| The data |
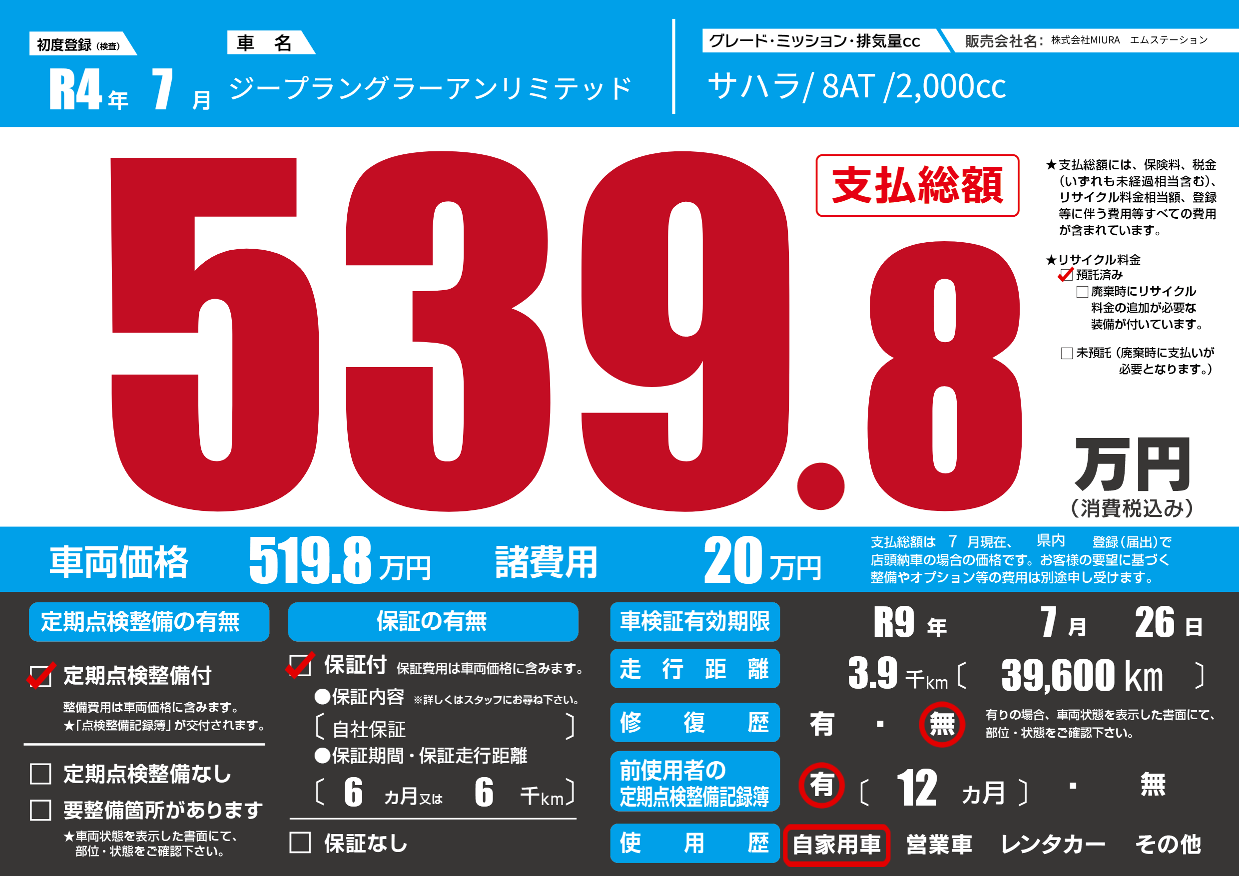 なし | 車検制限 | R9年7月26月 |
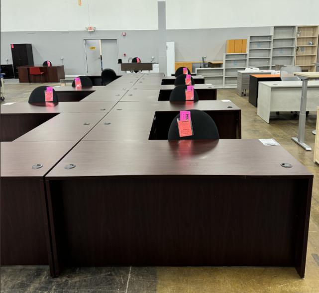 Description Laminate Single Ped L Desks in Mahogany finish.
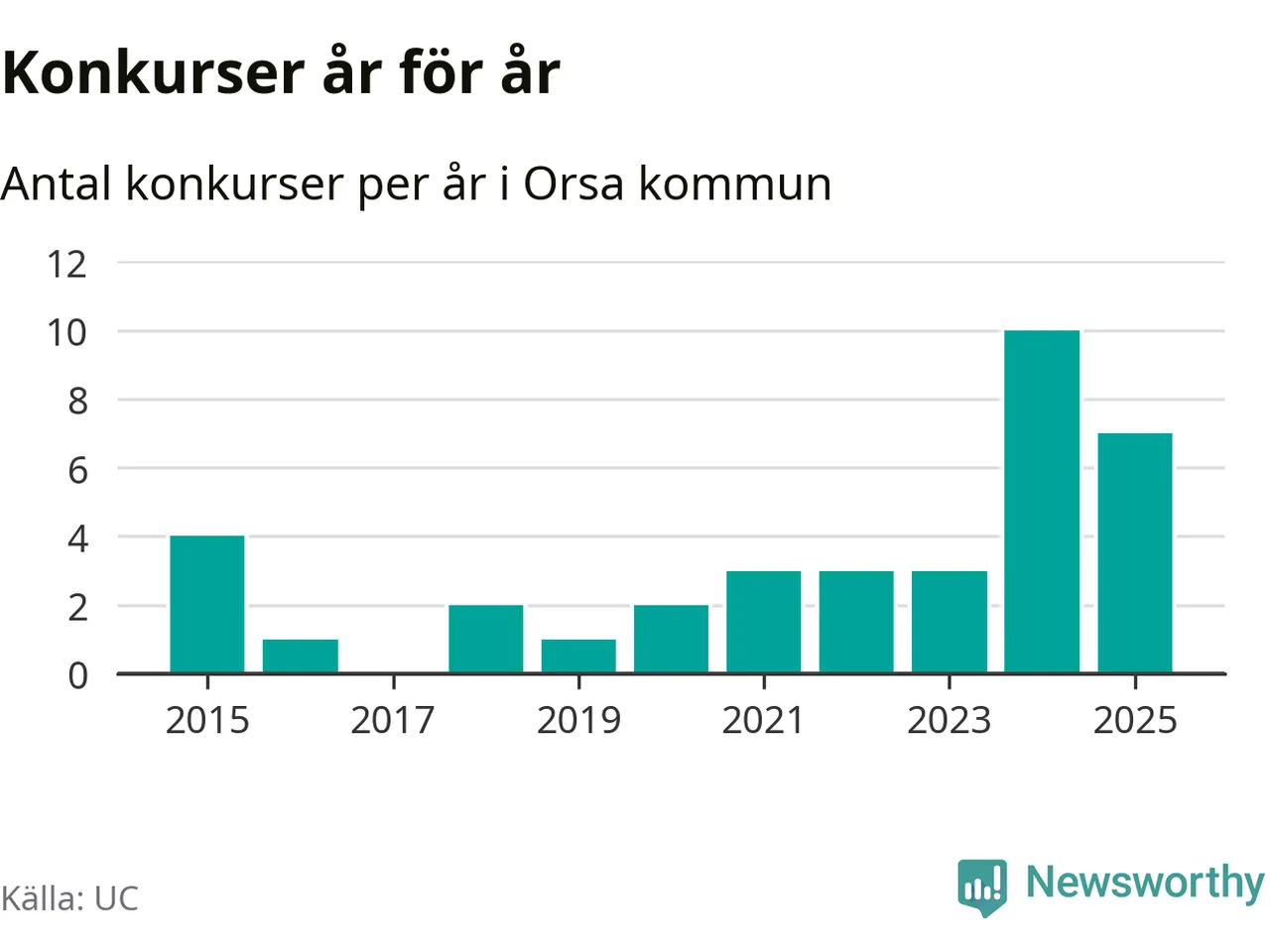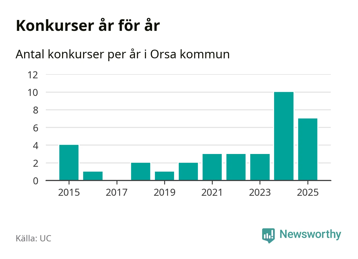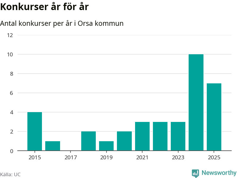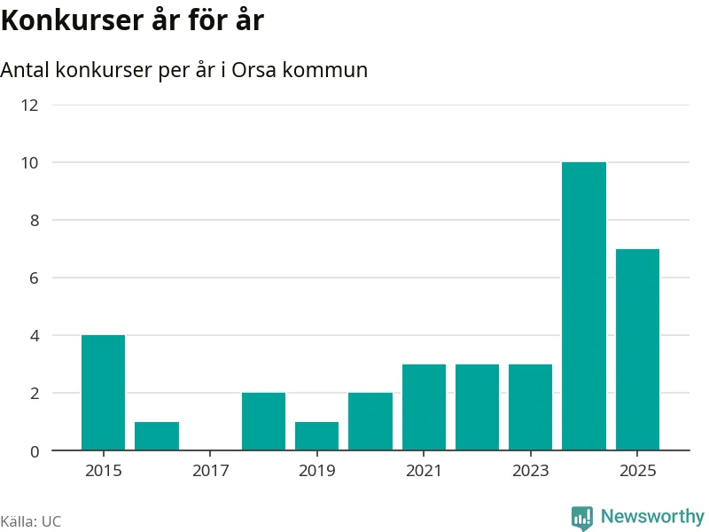 Under år 2025 gick sammanlagt sju bolag med säte i Orsa kommun i konkurs. Det är tre färre än året innan då tio bolag gick i konkurs. Toppåret, sedan 2015, var just 2024 sett till antalet konkursföretag. Det visar ny statistik från UC.
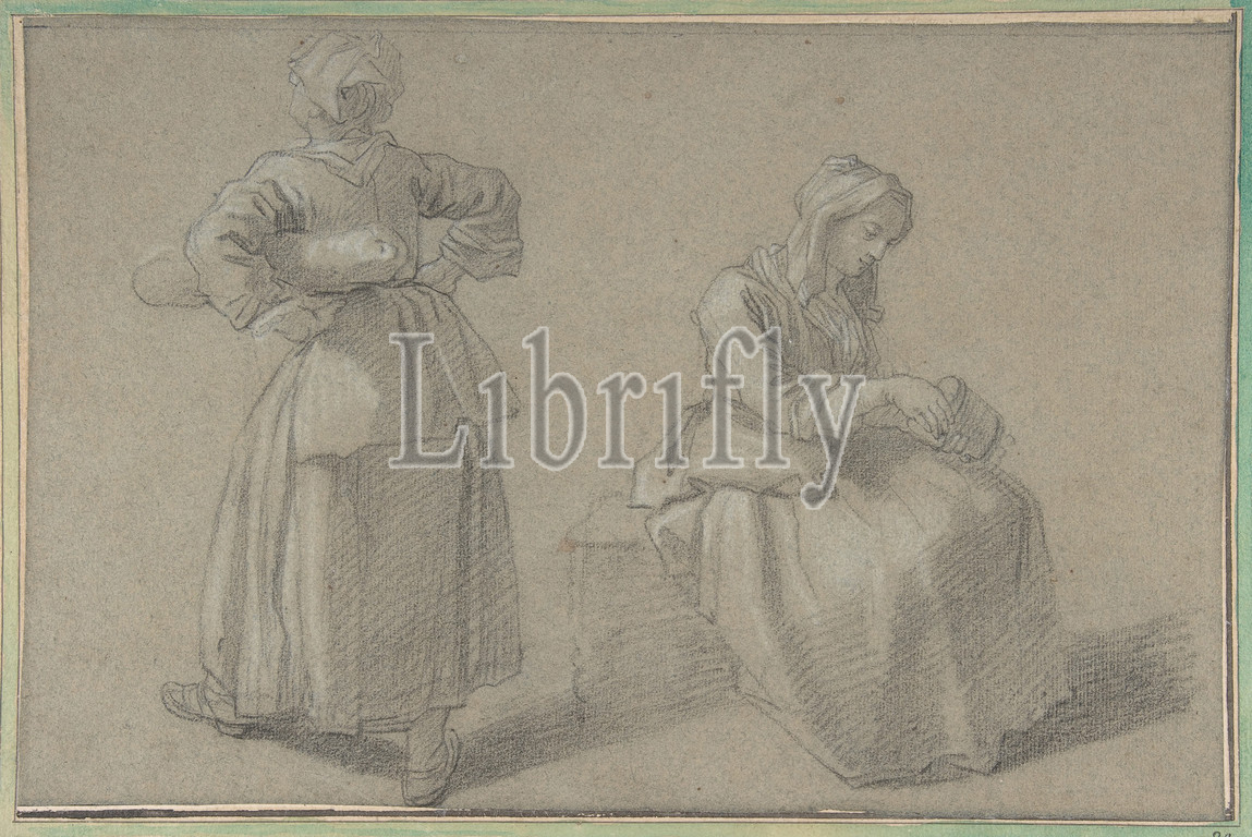 Study, Two Women, ca, 1755, Black chalk, heightened, white, gray paper, 8 7/16 x 13 3/8, 21.5 34 cm, Drawings, Étienne Jeaurat, French, Vermenton, 1699–1789, Versailles, Jeaurat, literary society interested, social life, outside, aristocratic, circles, Société du, Bout, du, Banc, painted unidealized, genre, scenes, working classes, drawing, study, painting, Painter, Move, Le déménagement, peintre
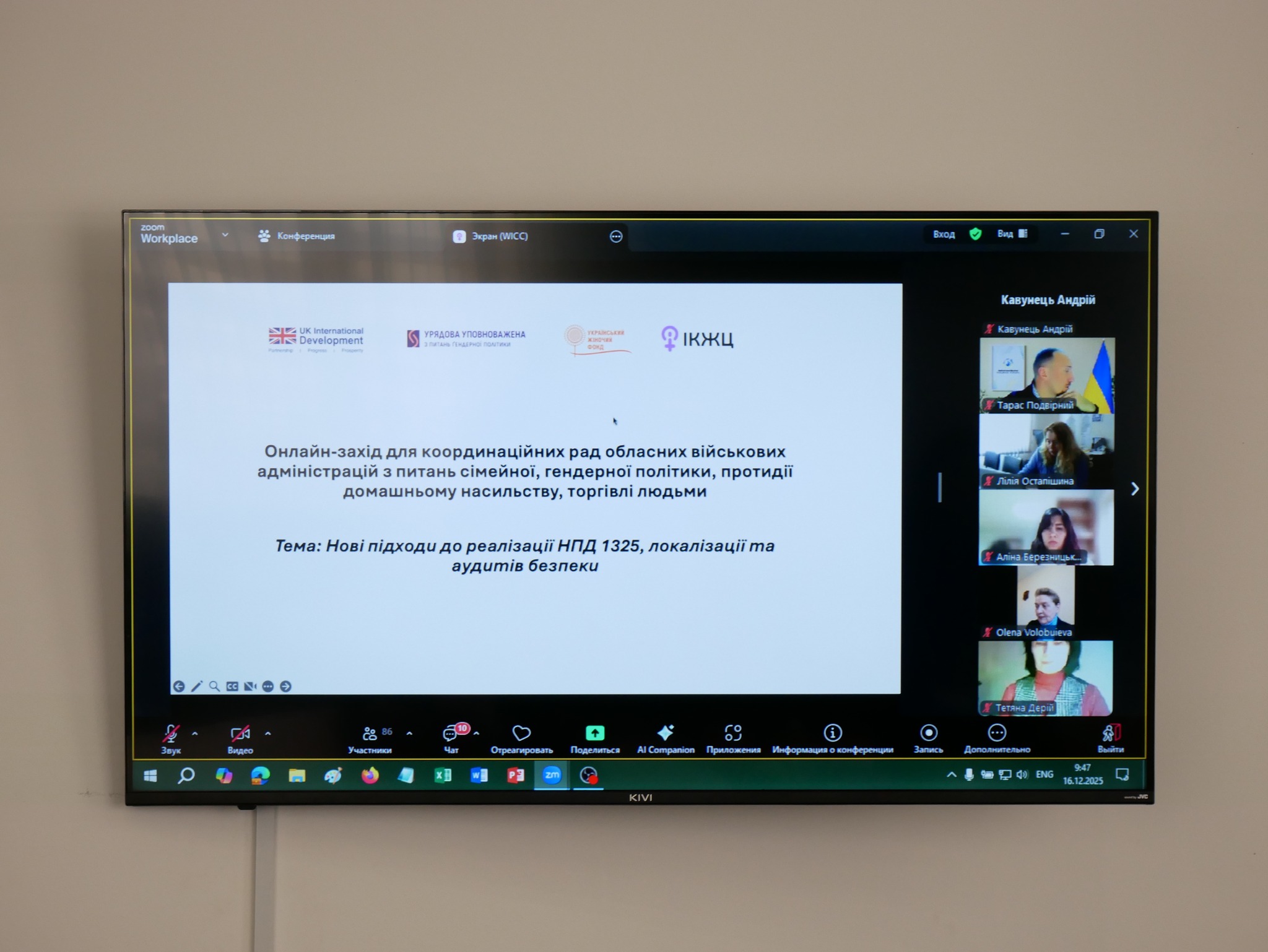 У ході наради учасники обговорили актуальні виклики та напрацювання регіонів щодо реалізації заходів у сфері забезпечення рівних прав і можливостей жінок і чоловіків, а також посилення ролі жінок у процесах безпеки, відновлення та миру. Зокрема, розглянули нові підходи виявлення безпекових викликів, а саме проведення аудитів безпеки територій, укриттів, транспорту з урахуванням потреб різних категорій жінок і чоловіків.
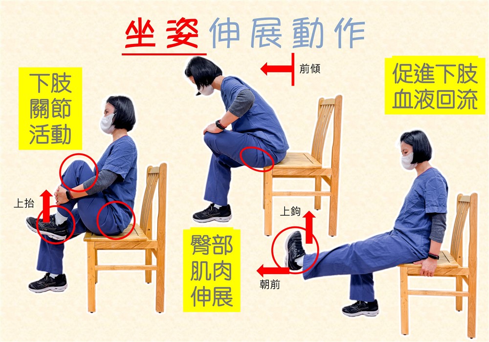 林秀玲物理治療師也示範,當活動空間有限,只能坐在椅子上時,可以進行的三種坐姿伸展。
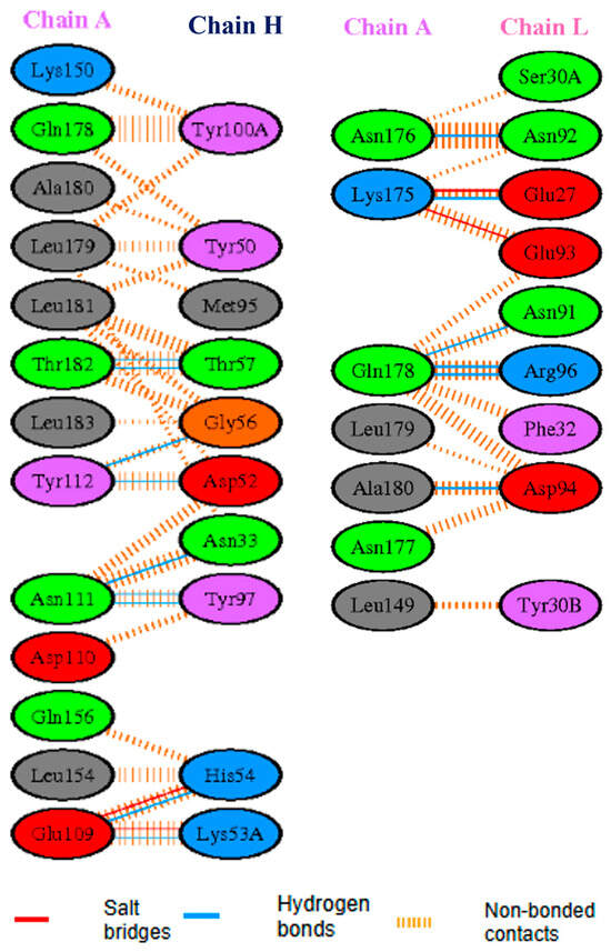 Further, the PDBsum database was used to generate comprehensive interaction maps, emphasizing crucial residues involved in binding. As shown in Figure 1, the protein’s heavy chain (chain H), namely residues from Tyr50 to Thr57, which include the non-standard residue Lys53A, were found to have substantial interactions with HER2. The residues involved in the contact were Tyr50, Ile51, Asp52, Pro53, Lys53A, His54, Gly55, Gly56, and Thr57. There were a total of nine essential residues for this interaction. Similarly, the light chain (L chain) consisted of six crucial residues, namely Asn91, Asn92, Glu93, Asp94, Leu95, and Arg96. Earlier work in this domain demonstrated that these regions play a crucial role in the high-affinity binding seen in the antibody–HER2 complex. The heavy chain residues Lys53A and His54 formed H-bonds with Glu109 and the residues Asn33 and Tyr97 formed H-bonds with Asn111; moreover, Asp52 and Gly56 formed H-bonds with Tyr112, and lastly, Thr57 formed a H-bond with Thr182A. Further, the light-chain residues Asn92, Glu27, and Asp94 created H-bonds with Asn176, Lys175, and Ala180, respectively; similarly, Asn91 and Arg96 also formed H-bonds with Gln178. The PDBsum analysis showed a consistent pattern of preserved interactions, indicating potential binding sites for peptides.
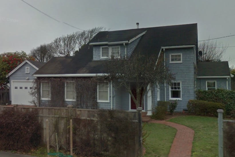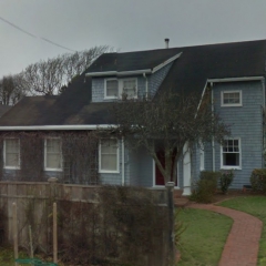 Owned by Mrs. J. Millay and built by Knudsen and Turner in 1927 this home is indicative of a Colonial Revival structure with shingle siding. This two-story home has a steeply gabled roof with a single dormer at the top. Although not quite visible from the street photo, the recessed porch is cornered with simple columnettes that demonstrate an Italian influence.
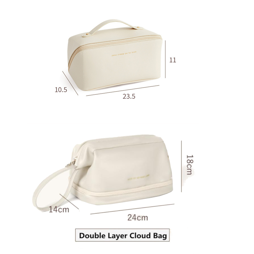 Double layer cloud cosmetic bag in creamy leather that's soft and premium like a cloud.
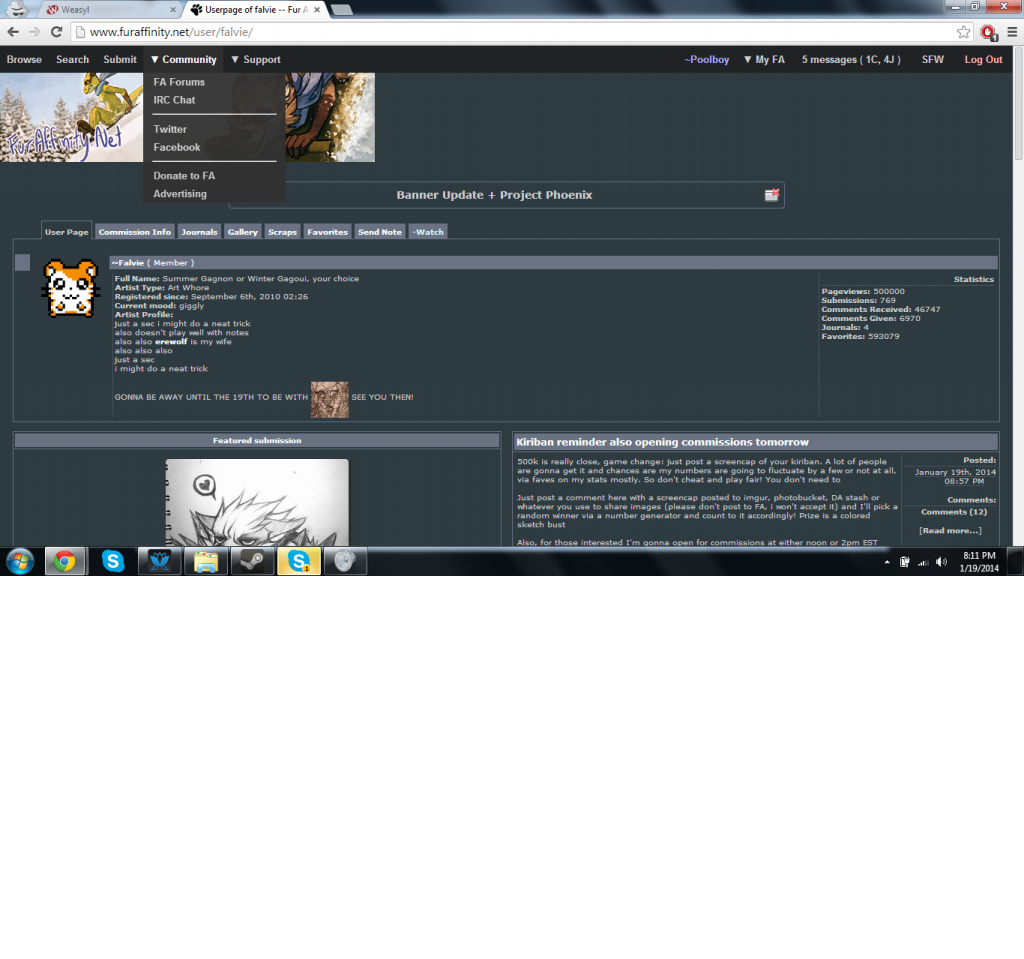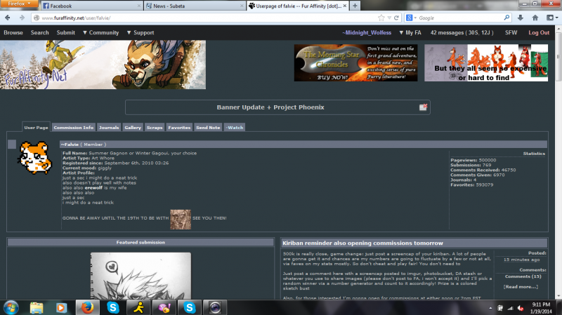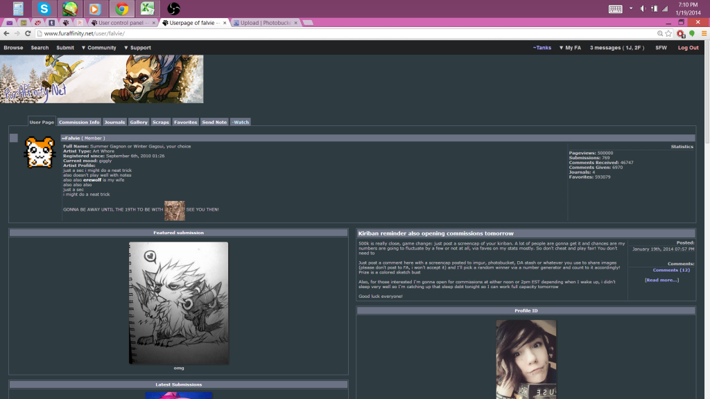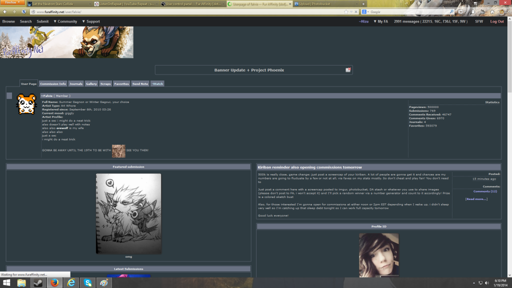 Just post a comment here with a screencap posted to imgur, photobucket, DA stash or whatever you use to share images (please don't post to FA, i won't accept it) and I'll pick a random winner via a number generator and count to it accordingly! Prize is a colored sketch bust

| About this task |
Both the line containing "Description Laminate Single" and the line containing "Under år 2025" above belong in the output, as do the lines between them. Print them exactly, without pictures.

| Exercise solution |
 Description Laminate Single Ped L Desks in Mahogany finish.
 Under år 2025 gick sammanlagt sju bolag med säte i Orsa kommun i konkurs. Det är tre färre än året innan då tio bolag gick i konkurs. Toppåret, sedan 2015, var just 2024 sett till antalet konkursföretag. Det visar ny statistik från UC.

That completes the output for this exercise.